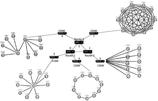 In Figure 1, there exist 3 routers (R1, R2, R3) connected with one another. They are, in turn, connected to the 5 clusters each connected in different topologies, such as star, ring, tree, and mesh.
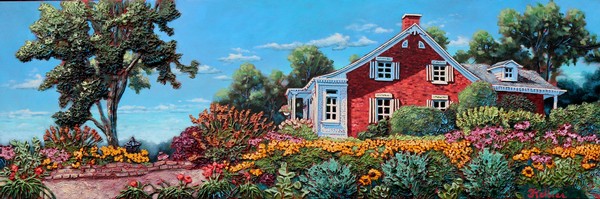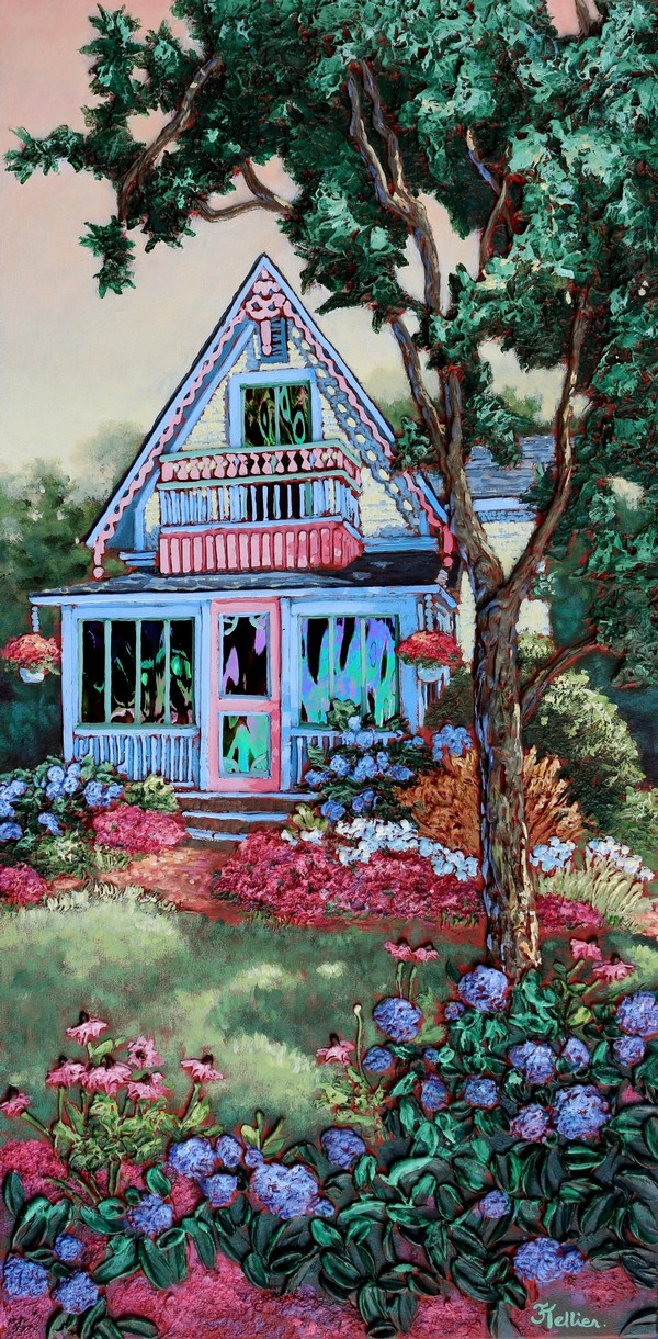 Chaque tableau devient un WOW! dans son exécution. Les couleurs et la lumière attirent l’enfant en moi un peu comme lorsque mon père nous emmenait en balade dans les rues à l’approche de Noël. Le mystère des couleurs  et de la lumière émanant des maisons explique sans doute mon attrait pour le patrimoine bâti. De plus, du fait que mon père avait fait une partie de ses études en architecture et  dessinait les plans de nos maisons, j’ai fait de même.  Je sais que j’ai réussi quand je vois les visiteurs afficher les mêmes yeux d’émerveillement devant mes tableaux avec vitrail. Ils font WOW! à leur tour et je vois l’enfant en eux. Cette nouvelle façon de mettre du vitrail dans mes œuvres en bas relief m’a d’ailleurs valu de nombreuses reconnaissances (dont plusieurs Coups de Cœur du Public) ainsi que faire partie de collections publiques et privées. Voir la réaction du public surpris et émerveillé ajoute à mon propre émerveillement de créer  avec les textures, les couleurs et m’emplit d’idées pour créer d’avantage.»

--

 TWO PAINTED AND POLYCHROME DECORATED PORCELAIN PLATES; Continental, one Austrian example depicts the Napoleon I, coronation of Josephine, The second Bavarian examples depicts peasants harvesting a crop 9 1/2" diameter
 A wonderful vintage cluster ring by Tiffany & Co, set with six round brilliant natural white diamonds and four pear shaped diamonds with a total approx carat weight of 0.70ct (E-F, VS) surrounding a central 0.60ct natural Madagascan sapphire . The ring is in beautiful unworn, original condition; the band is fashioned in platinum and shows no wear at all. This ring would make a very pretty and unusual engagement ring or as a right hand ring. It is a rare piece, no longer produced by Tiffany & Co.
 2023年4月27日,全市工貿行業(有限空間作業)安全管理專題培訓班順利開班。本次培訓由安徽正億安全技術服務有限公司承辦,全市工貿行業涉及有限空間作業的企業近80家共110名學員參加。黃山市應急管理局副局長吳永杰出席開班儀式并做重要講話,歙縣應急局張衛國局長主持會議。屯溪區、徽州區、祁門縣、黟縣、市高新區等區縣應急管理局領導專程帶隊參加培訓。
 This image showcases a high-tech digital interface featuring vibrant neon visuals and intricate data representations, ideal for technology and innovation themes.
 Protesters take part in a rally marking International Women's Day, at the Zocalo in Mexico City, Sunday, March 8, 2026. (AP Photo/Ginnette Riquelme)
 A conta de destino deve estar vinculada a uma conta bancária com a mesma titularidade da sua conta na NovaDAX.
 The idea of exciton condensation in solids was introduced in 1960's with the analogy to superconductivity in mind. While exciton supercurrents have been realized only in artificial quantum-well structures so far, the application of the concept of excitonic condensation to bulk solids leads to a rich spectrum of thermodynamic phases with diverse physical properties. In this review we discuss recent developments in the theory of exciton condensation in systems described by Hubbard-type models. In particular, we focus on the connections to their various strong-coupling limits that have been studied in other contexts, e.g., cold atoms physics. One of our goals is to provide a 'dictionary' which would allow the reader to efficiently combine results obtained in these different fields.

- **Task objective**
The required output is every line above from the one with "This image showcases" down to the one with "The idea of", restated word for word, ends included.

- **Output**
 This image showcases a high-tech digital interface featuring vibrant neon visuals and intricate data representations, ideal for technology and innovation themes.
 Protesters take part in a rally marking International Women's Day, at the Zocalo in Mexico City, Sunday, March 8, 2026. (AP Photo/Ginnette Riquelme)
 A conta de destino deve estar vinculada a uma conta bancária com a mesma titularidade da sua conta na NovaDAX.
 The idea of exciton condensation in solids was introduced in 1960's with the analogy to superconductivity in mind. While exciton supercurrents have been realized only in artificial quantum-well structures so far, the application of the concept of excitonic condensation to bulk solids leads to a rich spectrum of thermodynamic phases with diverse physical properties. In this review we discuss recent developments in the theory of exciton condensation in systems described by Hubbard-type models. In particular, we focus on the connections to their various strong-coupling limits that have been studied in other contexts, e.g., cold atoms physics. One of our goals is to provide a 'dictionary' which would allow the reader to efficiently combine results obtained in these different fields.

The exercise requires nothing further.